◆ RECORDS SHOWN
□ □ □ □ □

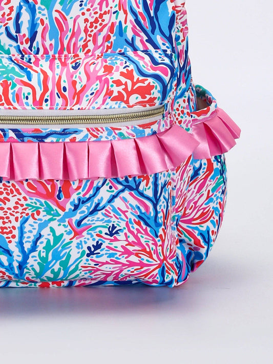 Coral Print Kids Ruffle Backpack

□ □ □ □ □

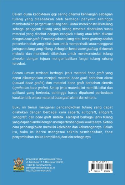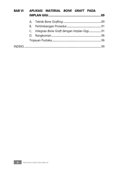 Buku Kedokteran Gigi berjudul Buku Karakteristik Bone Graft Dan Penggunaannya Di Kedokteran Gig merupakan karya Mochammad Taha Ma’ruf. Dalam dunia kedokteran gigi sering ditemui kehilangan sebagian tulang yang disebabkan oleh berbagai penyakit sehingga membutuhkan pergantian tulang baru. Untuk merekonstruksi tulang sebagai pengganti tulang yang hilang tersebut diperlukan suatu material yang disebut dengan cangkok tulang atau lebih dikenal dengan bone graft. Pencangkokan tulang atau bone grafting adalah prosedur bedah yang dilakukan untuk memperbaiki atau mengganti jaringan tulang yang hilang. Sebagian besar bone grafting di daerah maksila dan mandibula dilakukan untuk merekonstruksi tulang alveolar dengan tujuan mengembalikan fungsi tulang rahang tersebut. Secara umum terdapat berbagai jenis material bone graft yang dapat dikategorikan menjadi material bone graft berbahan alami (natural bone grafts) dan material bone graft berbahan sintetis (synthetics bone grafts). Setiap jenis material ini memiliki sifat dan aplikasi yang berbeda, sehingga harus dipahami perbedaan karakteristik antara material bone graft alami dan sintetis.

□ □ □ □ □

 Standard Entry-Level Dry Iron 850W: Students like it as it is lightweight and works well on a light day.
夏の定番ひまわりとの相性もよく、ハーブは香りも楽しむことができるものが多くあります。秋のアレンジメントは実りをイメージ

□ □ □ □ □

◆ EXERCISE DIRECTIONS
Above are some records; copy exactly the lines from the one with "Standard Entry-Level Dry" through the one with "夏の定番ひまわりとの相性もよ", both included, and no others.

◆ YOUR RESPONSE
 Standard Entry-Level Dry Iron 850W: Students like it as it is lightweight and works well on a light day.
夏の定番ひまわりとの相性もよく、ハーブは香りも楽しむことができるものが多くあります。秋のアレンジメントは実りをイメージ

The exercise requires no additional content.